### Exercise
The answer should consist of the records below, repeated exactly, and no pictures.

(Data items)
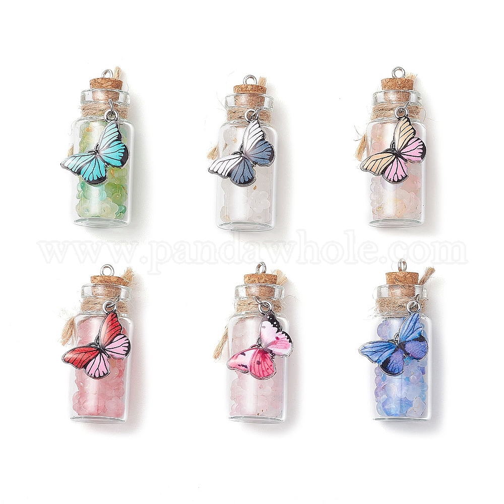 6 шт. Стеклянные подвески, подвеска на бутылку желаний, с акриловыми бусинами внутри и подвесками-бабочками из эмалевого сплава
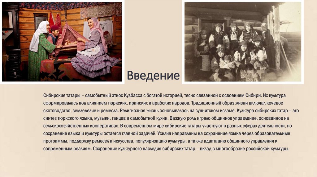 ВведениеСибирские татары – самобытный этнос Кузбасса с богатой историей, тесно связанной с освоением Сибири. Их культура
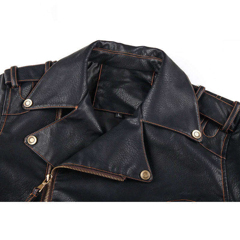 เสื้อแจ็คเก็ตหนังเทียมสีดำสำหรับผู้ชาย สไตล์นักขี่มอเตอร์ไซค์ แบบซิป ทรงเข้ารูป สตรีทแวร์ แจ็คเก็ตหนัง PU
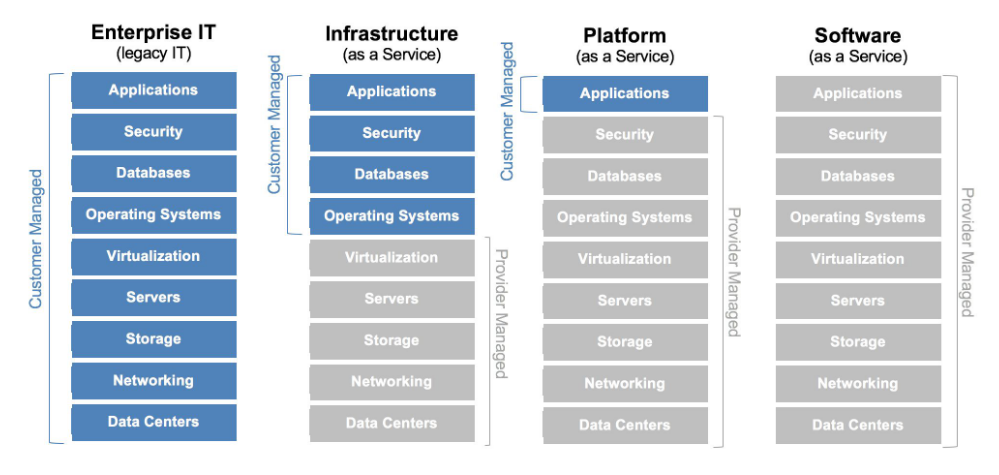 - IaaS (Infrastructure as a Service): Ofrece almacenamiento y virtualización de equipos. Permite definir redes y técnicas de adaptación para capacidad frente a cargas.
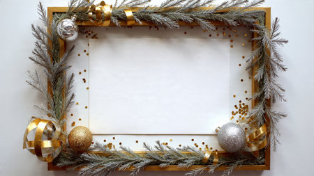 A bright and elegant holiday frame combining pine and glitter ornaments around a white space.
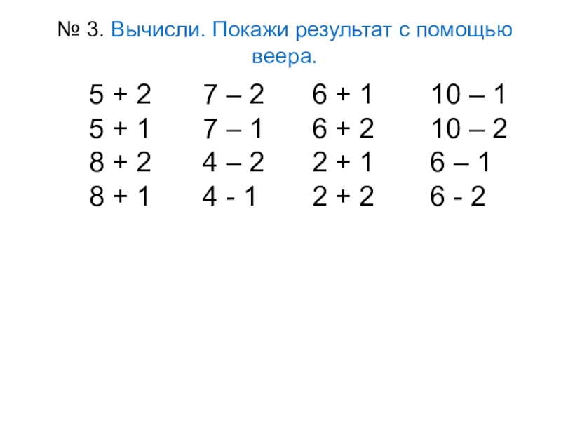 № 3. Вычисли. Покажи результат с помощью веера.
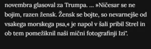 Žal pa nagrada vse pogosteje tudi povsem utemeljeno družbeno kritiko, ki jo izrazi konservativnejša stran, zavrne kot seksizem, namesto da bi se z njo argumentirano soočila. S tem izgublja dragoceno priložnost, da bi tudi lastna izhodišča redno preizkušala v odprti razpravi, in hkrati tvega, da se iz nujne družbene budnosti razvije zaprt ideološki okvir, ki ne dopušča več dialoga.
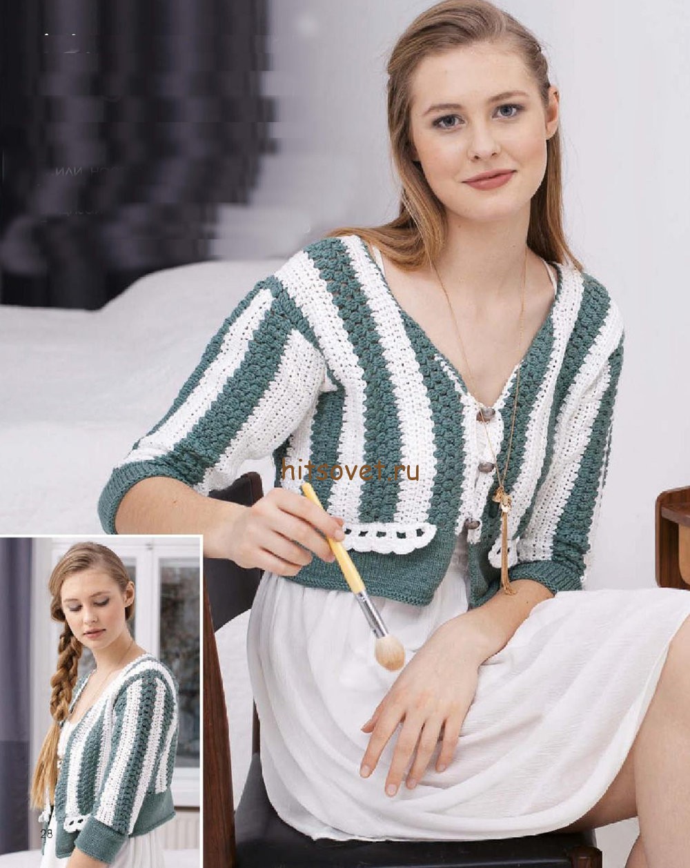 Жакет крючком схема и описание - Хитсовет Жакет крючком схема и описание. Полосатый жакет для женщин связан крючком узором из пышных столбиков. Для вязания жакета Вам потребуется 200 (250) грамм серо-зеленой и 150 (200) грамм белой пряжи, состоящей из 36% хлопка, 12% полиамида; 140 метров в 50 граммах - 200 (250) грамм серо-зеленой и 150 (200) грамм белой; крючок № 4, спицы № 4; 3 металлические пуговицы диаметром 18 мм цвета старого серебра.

### Expected answer
 6 шт. Стеклянные подвески, подвеска на бутылку желаний, с акриловыми бусинами внутри и подвесками-бабочками из эмалевого сплава
 ВведениеСибирские татары – самобытный этнос Кузбасса с богатой историей, тесно связанной с освоением Сибири. Их культура
 เสื้อแจ็คเก็ตหนังเทียมสีดำสำหรับผู้ชาย สไตล์นักขี่มอเตอร์ไซค์ แบบซิป ทรงเข้ารูป สตรีทแวร์ แจ็คเก็ตหนัง PU
 - IaaS (Infrastructure as a Service): Ofrece almacenamiento y virtualización de equipos. Permite definir redes y técnicas de adaptación para capacidad frente a cargas.
 A bright and elegant holiday frame combining pine and glitter ornaments around a white space.
 № 3. Вычисли. Покажи результат с помощью веера.
 Žal pa nagrada vse pogosteje tudi povsem utemeljeno družbeno kritiko, ki jo izrazi konservativnejša stran, zavrne kot seksizem, namesto da bi se z njo argumentirano soočila. S tem izgublja dragoceno priložnost, da bi tudi lastna izhodišča redno preizkušala v odprti razpravi, in hkrati tvega, da se iz nujne družbene budnosti razvije zaprt ideološki okvir, ki ne dopušča več dialoga.
 Жакет крючком схема и описание - Хитсовет Жакет крючком схема и описание. Полосатый жакет для женщин связан крючком узором из пышных столбиков. Для вязания жакета Вам потребуется 200 (250) грамм серо-зеленой и 150 (200) грамм белой пряжи, состоящей из 36% хлопка, 12% полиамида; 140 метров в 50 граммах - 200 (250) грамм серо-зеленой и 150 (200) грамм белой; крючок № 4, спицы № 4; 3 металлические пуговицы диаметром 18 мм цвета старого серебра.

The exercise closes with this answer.